Pode ser prudente aconselhar a mulher e continuar o tratamento e a terapia até obter resultados mais estáveis, antes de engravidar. No caso de a mulher pretender de facto engravidar, pode ser importante realizar uma consulta de preconceção para se conceber um plano estruturado para a gravidez.

Mesmo quando não estão presentes psicopatologias prévias, é importante promover nas mulheres hábitos de vida saudáveis, nomeadamente a nível da alimentação, exercício físico, padrões de sono e níveis de stress.

Também é importante que exista uma maior sensibilidade e informação disponível relativamente às questões emocionais que ocorrem durante a gravidez. Muitas vezes existem estigmas e informações pré-concebidas de que a gravidez deve ser um período maravilhoso, e pouco se fala acerca das dificuldades que lhe estão associadas.

Como tal, um meio importante de prevenção da depressão na gravidez é existir uma educação e transmissão de informação acerca da gravidez, das mudanças ocorridas, das dificuldades, das alterações emocionais e de possíveis sintomas de depressão materna e formas de prevenção.

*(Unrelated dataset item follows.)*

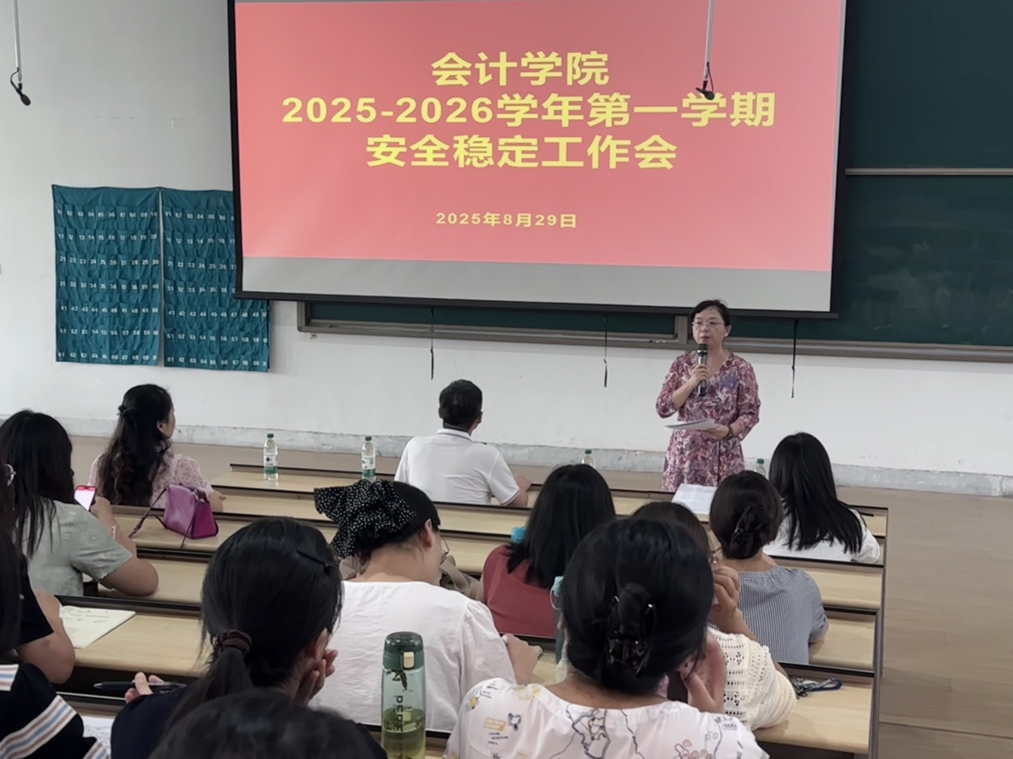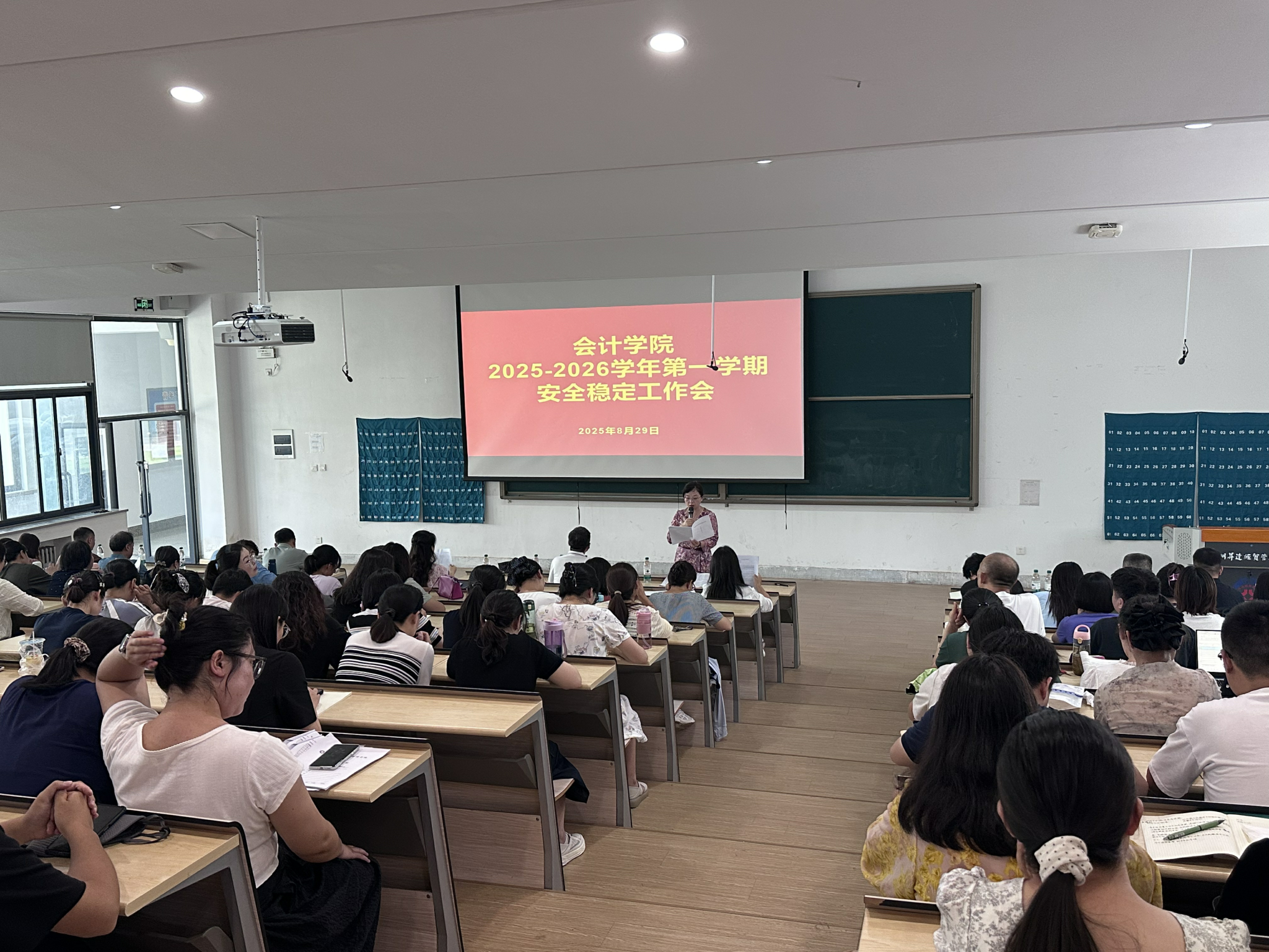 2025年8月29日,公司组织全院教职工在118教室召开秋季学期开学安全稳定工作会议。公司经理王宝庆,公司党委书记张蕾,副经理毕鹏翾、张新成,公司党委副书记陈刚出席会议。会议由公司党委书记张蕾主持。

Se está grávida ou conhece alguém que esteja, considere as seguintes dicas:

  • Ajustar expetativas, compreendendo que as expectativas enquanto futura mãe podem ter de ser reajustadas para integrar as circunstâncias e os constrangimentos que podem existir, bem como a possibilidade de imprevistos;
  • Partilhar da forma que lhe fizer mais sentido a experiência da gravidez com pessoas próximas, procurando a proximidade física e emocional e evitando o isolamento;
  • Reconhecer e validar os sentimentos e emoções que surgem nesta fase da vida, compreendendo que é normal existirem flutuações emocionais e algumas emoções negativas, não se sentindo culpada por isso;
  • Monitorizar a sua saúde e aderir o mais possível ao acompanhamento clínico, informando os profissionais de saúde que a acompanham sobre quaisquer alterações ou problemas emocionais que estiver a sentir;
  • Procure esclarecer as dúvidas ou receios que possa ter relativas à gravidez com fontes fidedignas, nomeadamente os profissionais de saúde que a acompanham;
  • Procure reforçar e manter as suas rotinas e as atividades que lhe dão prazer, com as devidas adaptações que se revelarem necessárias;
  • Cuide de si, mantendo hábitos de vida saudáveis;
  • Procure conversar com o seu bebé, para fortalecer e acentuar a criação de vínculo e relação;
  • Prepare com tempo, calma e segurança o parto e a transição para a parentalidade. Os profissionais de saúde podem ajudá-la neste sentido, e existem também diversos recursos como aulas de preparação para o parto ou mesmo doulas, que são profissionais que acompanham durante a gravidez.